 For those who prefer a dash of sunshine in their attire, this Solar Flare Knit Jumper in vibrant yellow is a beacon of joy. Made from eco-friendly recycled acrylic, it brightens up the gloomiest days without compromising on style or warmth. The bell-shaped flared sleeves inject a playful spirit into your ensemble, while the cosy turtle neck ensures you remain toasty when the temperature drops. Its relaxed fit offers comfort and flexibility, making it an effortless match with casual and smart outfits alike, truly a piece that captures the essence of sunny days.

++++++++

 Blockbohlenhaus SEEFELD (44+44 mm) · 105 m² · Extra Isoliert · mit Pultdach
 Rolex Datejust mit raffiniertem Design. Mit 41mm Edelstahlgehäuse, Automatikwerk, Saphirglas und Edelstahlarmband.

++++++++

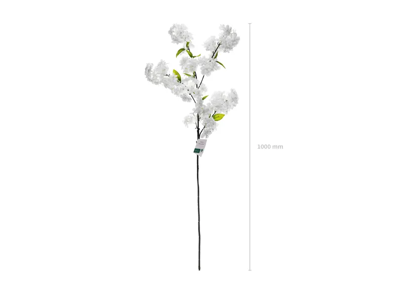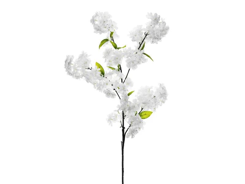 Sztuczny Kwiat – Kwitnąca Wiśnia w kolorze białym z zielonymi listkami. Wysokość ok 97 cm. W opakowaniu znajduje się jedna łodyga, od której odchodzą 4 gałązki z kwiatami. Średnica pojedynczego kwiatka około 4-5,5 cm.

++++++++

-- Work to complete --
Find where the line with "Blockbohlenhaus SEEFELD (44+44" sits in the material above, then copy exactly from it through the line with "Rolex Datejust mit". Add no other line.

-- Your solution --
 Blockbohlenhaus SEEFELD (44+44 mm) · 105 m² · Extra Isoliert · mit Pultdach
 Rolex Datejust mit raffiniertem Design. Mit 41mm Edelstahlgehäuse, Automatikwerk, Saphirglas und Edelstahlarmband.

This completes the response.